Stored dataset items
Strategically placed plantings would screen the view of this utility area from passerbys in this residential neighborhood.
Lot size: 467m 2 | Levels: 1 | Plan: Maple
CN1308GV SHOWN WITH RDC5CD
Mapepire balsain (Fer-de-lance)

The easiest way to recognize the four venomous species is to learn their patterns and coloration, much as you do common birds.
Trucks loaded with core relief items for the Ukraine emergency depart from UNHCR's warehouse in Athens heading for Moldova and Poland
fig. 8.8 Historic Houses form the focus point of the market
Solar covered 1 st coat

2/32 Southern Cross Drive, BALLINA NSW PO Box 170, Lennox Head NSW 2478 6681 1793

---

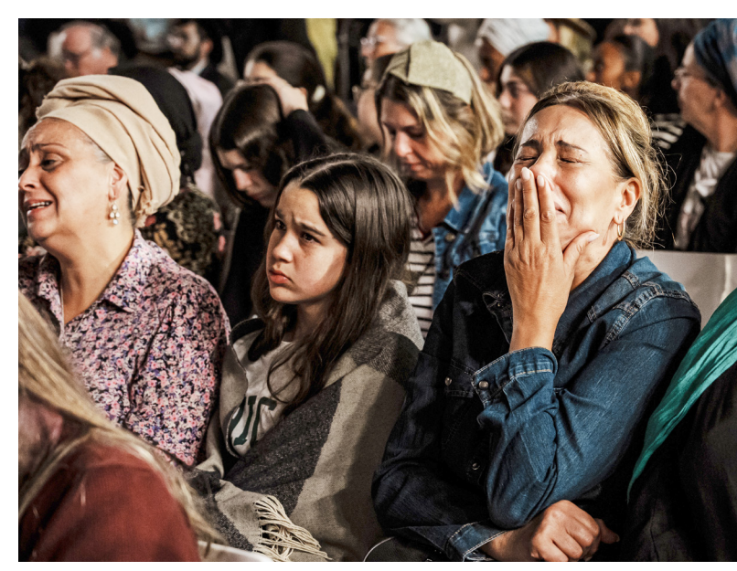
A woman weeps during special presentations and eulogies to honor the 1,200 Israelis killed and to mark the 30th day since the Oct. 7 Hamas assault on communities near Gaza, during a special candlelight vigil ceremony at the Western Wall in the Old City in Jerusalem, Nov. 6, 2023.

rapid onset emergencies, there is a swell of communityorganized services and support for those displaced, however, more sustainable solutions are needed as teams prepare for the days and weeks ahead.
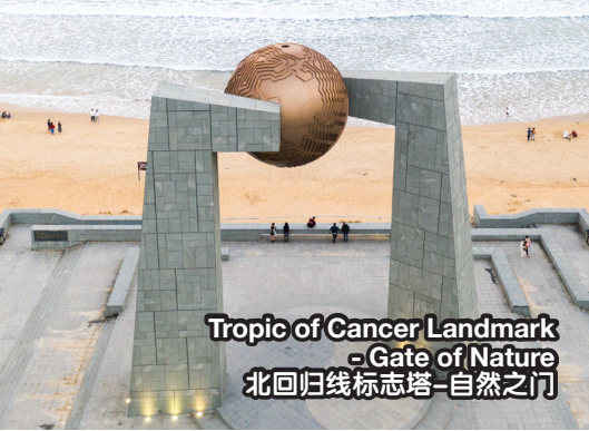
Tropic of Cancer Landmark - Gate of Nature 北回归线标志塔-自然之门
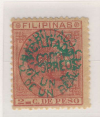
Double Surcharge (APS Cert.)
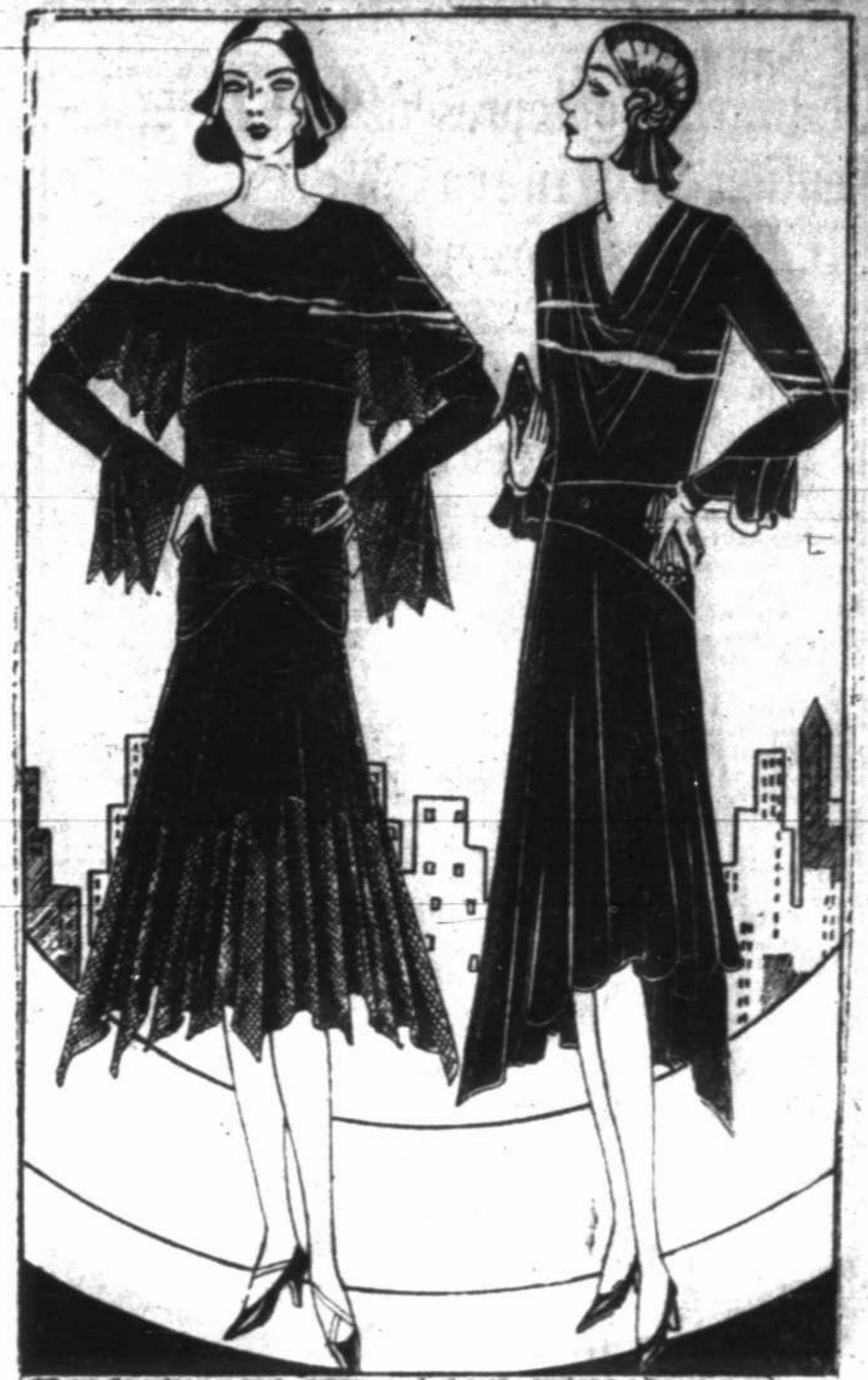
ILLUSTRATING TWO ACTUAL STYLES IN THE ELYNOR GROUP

---

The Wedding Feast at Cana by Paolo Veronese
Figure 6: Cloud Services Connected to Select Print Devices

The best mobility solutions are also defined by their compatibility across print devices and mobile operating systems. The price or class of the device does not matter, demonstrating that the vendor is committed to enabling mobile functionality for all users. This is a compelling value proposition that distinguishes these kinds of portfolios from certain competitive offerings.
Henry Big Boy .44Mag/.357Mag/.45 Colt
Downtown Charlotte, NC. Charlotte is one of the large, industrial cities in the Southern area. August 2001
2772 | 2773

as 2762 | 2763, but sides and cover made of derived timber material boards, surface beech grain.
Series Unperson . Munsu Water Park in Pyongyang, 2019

■ **Requirement**
Copy only these lines from the records above, exactly: the one with "rapid onset emergencies, there", the one with "ILLUSTRATING TWO ACTUAL", and those between. Skip the pictures.

■ **Solution for this task**
rapid onset emergencies, there is a swell of communityorganized services and support for those displaced, however, more sustainable solutions are needed as teams prepare for the days and weeks ahead.
Tropic of Cancer Landmark - Gate of Nature 北回归线标志塔-自然之门
Double Surcharge (APS Cert.)
ILLUSTRATING TWO ACTUAL STYLES IN THE ELYNOR GROUP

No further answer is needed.